__Data extracted from a collection__:
>>>
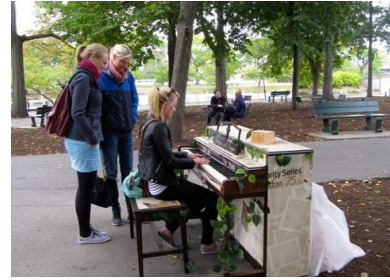
Play Me I'm Yours
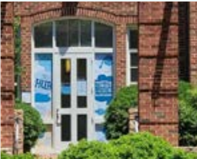
Hardin Advisory Hub

The Hardin Hub for Career & Academic Advising is a full-service extension of University Career Services and Academic Advising Program where students can meet with an academic advisor to review career and academic plans to achieve their goals, explore majors/minors and discuss course planning, and navigate academic challenges.
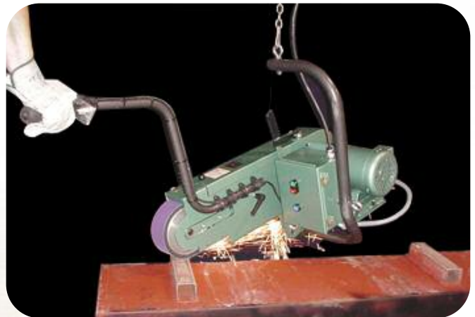
Model 979 adapts as a swing grinder.
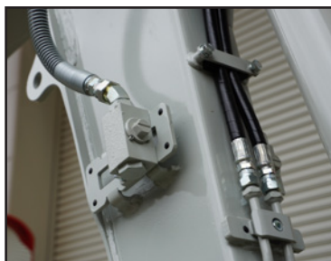
Up to 4 Service Ports (Optional)
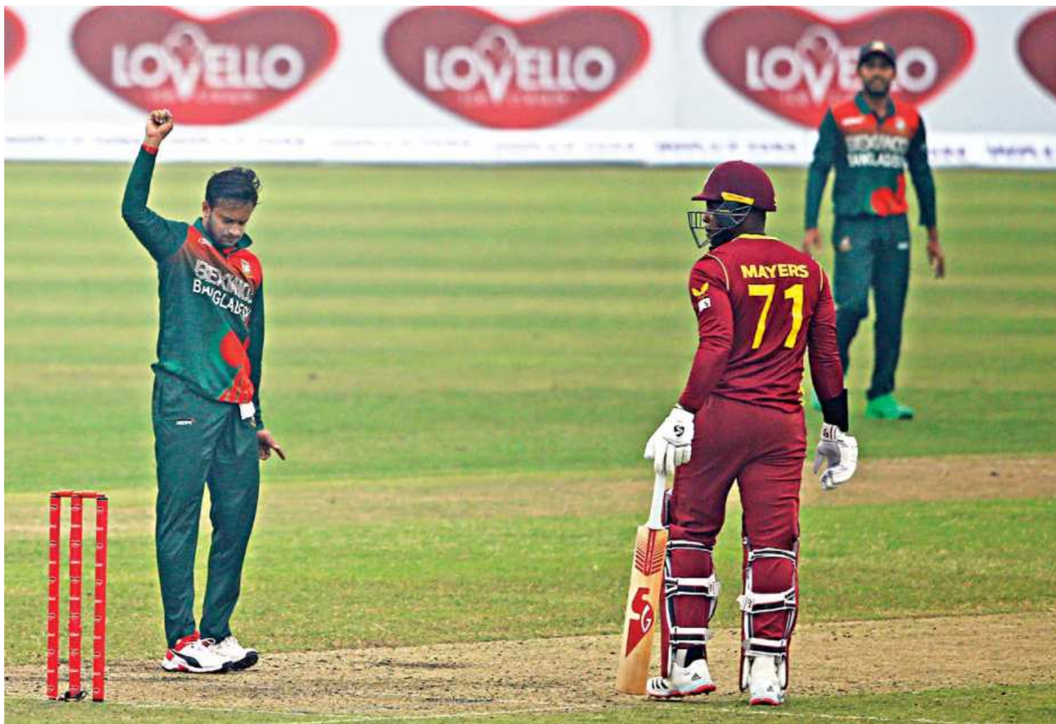
SIGHT FOR SORE EYES... Bangladesh's star all-rounder Shakib Al Hasan celebrates one of his four wickets during the first ODI against the West Indies at the Sher-e-Bangla National Stadium in Mirpur yesterday. It was Bangladesh's first international match in more than 10 months, and Shakib too was returning in Bangladeshi colours after serving out a one-year ban imposed by the ICC.
<<<
__Task brief__:
Which lines above include the word "Hardin"? Return each one.

__Solution for this task__:
Hardin Advisory Hub
The Hardin Hub for Career & Academic Advising is a full-service extension of University Career Services and Academic Advising Program where students can meet with an academic advisor to review career and academic plans to achieve their goals, explore majors/minors and discuss course planning, and navigate academic challenges.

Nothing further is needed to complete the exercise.